Dataset records
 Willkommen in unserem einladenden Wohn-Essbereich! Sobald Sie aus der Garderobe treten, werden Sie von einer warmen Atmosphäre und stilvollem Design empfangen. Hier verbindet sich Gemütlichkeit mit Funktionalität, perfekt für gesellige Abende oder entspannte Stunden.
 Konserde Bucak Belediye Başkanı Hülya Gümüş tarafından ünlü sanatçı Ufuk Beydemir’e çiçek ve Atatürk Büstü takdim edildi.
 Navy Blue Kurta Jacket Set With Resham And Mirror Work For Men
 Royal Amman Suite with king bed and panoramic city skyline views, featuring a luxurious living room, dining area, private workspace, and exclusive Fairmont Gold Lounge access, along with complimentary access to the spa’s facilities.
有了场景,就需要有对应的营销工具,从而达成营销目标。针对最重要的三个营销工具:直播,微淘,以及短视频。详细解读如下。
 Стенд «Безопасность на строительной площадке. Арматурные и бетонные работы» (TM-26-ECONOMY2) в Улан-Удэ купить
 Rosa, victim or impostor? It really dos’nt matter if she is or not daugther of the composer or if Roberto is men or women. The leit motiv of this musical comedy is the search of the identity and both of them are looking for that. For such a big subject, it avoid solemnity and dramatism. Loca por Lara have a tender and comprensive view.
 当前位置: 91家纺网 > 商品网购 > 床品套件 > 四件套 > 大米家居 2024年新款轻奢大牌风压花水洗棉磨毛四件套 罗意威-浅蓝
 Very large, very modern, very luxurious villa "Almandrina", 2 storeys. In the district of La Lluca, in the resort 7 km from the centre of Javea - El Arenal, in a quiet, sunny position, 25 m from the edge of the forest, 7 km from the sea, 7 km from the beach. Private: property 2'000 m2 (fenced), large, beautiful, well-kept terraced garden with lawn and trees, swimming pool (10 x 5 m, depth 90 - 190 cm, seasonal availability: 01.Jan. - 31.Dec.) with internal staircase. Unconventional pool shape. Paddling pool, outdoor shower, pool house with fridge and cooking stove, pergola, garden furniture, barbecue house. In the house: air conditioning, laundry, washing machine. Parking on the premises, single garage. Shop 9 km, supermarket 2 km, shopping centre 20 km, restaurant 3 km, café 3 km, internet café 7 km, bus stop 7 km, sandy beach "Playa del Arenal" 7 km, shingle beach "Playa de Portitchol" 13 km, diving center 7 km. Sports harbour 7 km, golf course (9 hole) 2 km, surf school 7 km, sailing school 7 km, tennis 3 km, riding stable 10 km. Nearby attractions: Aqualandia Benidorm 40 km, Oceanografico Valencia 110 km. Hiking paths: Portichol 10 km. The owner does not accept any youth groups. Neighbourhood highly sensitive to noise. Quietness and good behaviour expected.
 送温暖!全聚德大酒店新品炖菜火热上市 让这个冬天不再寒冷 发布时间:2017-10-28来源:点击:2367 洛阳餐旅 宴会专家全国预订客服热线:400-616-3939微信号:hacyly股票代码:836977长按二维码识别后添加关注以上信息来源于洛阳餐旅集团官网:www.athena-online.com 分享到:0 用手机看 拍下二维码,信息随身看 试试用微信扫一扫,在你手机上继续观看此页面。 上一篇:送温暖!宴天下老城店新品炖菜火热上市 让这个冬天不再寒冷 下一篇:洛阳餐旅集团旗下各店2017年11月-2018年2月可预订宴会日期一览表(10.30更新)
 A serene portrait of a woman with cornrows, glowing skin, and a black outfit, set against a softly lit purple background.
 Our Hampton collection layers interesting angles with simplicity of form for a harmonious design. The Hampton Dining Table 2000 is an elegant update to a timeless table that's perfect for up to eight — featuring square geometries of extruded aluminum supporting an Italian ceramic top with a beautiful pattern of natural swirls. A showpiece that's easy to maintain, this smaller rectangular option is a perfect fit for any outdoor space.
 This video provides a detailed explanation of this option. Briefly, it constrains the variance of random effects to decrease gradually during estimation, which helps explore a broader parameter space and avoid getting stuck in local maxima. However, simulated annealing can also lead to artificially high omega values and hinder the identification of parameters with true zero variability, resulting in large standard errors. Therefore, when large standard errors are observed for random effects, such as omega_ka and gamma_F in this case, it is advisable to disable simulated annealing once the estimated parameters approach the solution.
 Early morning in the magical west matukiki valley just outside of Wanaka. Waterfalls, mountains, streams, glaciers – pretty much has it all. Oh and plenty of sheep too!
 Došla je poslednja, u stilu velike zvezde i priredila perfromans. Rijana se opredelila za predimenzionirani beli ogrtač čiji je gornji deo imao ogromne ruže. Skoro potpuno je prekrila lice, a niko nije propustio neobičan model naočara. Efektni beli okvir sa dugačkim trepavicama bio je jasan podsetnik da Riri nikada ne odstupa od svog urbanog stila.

» What the exercise asks
All the lines above need to be printed again, exactly.

» Output of the exercise
 Willkommen in unserem einladenden Wohn-Essbereich! Sobald Sie aus der Garderobe treten, werden Sie von einer warmen Atmosphäre und stilvollem Design empfangen. Hier verbindet sich Gemütlichkeit mit Funktionalität, perfekt für gesellige Abende oder entspannte Stunden.
 Konserde Bucak Belediye Başkanı Hülya Gümüş tarafından ünlü sanatçı Ufuk Beydemir’e çiçek ve Atatürk Büstü takdim edildi.
 Navy Blue Kurta Jacket Set With Resham And Mirror Work For Men
 Royal Amman Suite with king bed and panoramic city skyline views, featuring a luxurious living room, dining area, private workspace, and exclusive Fairmont Gold Lounge access, along with complimentary access to the spa’s facilities.
有了场景,就需要有对应的营销工具,从而达成营销目标。针对最重要的三个营销工具:直播,微淘,以及短视频。详细解读如下。
 Стенд «Безопасность на строительной площадке. Арматурные и бетонные работы» (TM-26-ECONOMY2) в Улан-Удэ купить
 Rosa, victim or impostor? It really dos’nt matter if she is or not daugther of the composer or if Roberto is men or women. The leit motiv of this musical comedy is the search of the identity and both of them are looking for that. For such a big subject, it avoid solemnity and dramatism. Loca por Lara have a tender and comprensive view.
 当前位置: 91家纺网 > 商品网购 > 床品套件 > 四件套 > 大米家居 2024年新款轻奢大牌风压花水洗棉磨毛四件套 罗意威-浅蓝
 Very large, very modern, very luxurious villa "Almandrina", 2 storeys. In the district of La Lluca, in the resort 7 km from the centre of Javea - El Arenal, in a quiet, sunny position, 25 m from the edge of the forest, 7 km from the sea, 7 km from the beach. Private: property 2'000 m2 (fenced), large, beautiful, well-kept terraced garden with lawn and trees, swimming pool (10 x 5 m, depth 90 - 190 cm, seasonal availability: 01.Jan. - 31.Dec.) with internal staircase. Unconventional pool shape. Paddling pool, outdoor shower, pool house with fridge and cooking stove, pergola, garden furniture, barbecue house. In the house: air conditioning, laundry, washing machine. Parking on the premises, single garage. Shop 9 km, supermarket 2 km, shopping centre 20 km, restaurant 3 km, café 3 km, internet café 7 km, bus stop 7 km, sandy beach "Playa del Arenal" 7 km, shingle beach "Playa de Portitchol" 13 km, diving center 7 km. Sports harbour 7 km, golf course (9 hole) 2 km, surf school 7 km, sailing school 7 km, tennis 3 km, riding stable 10 km. Nearby attractions: Aqualandia Benidorm 40 km, Oceanografico Valencia 110 km. Hiking paths: Portichol 10 km. The owner does not accept any youth groups. Neighbourhood highly sensitive to noise. Quietness and good behaviour expected.
 送温暖!全聚德大酒店新品炖菜火热上市 让这个冬天不再寒冷 发布时间:2017-10-28来源:点击:2367 洛阳餐旅 宴会专家全国预订客服热线:400-616-3939微信号:hacyly股票代码:836977长按二维码识别后添加关注以上信息来源于洛阳餐旅集团官网:www.athena-online.com 分享到:0 用手机看 拍下二维码,信息随身看 试试用微信扫一扫,在你手机上继续观看此页面。 上一篇:送温暖!宴天下老城店新品炖菜火热上市 让这个冬天不再寒冷 下一篇:洛阳餐旅集团旗下各店2017年11月-2018年2月可预订宴会日期一览表(10.30更新)
 A serene portrait of a woman with cornrows, glowing skin, and a black outfit, set against a softly lit purple background.
 Our Hampton collection layers interesting angles with simplicity of form for a harmonious design. The Hampton Dining Table 2000 is an elegant update to a timeless table that's perfect for up to eight — featuring square geometries of extruded aluminum supporting an Italian ceramic top with a beautiful pattern of natural swirls. A showpiece that's easy to maintain, this smaller rectangular option is a perfect fit for any outdoor space.
 This video provides a detailed explanation of this option. Briefly, it constrains the variance of random effects to decrease gradually during estimation, which helps explore a broader parameter space and avoid getting stuck in local maxima. However, simulated annealing can also lead to artificially high omega values and hinder the identification of parameters with true zero variability, resulting in large standard errors. Therefore, when large standard errors are observed for random effects, such as omega_ka and gamma_F in this case, it is advisable to disable simulated annealing once the estimated parameters approach the solution.
 Early morning in the magical west matukiki valley just outside of Wanaka. Waterfalls, mountains, streams, glaciers – pretty much has it all. Oh and plenty of sheep too!
 Došla je poslednja, u stilu velike zvezde i priredila perfromans. Rijana se opredelila za predimenzionirani beli ogrtač čiji je gornji deo imao ogromne ruže. Skoro potpuno je prekrila lice, a niko nije propustio neobičan model naočara. Efektni beli okvir sa dugačkim trepavicama bio je jasan podsetnik da Riri nikada ne odstupa od svog urbanog stila.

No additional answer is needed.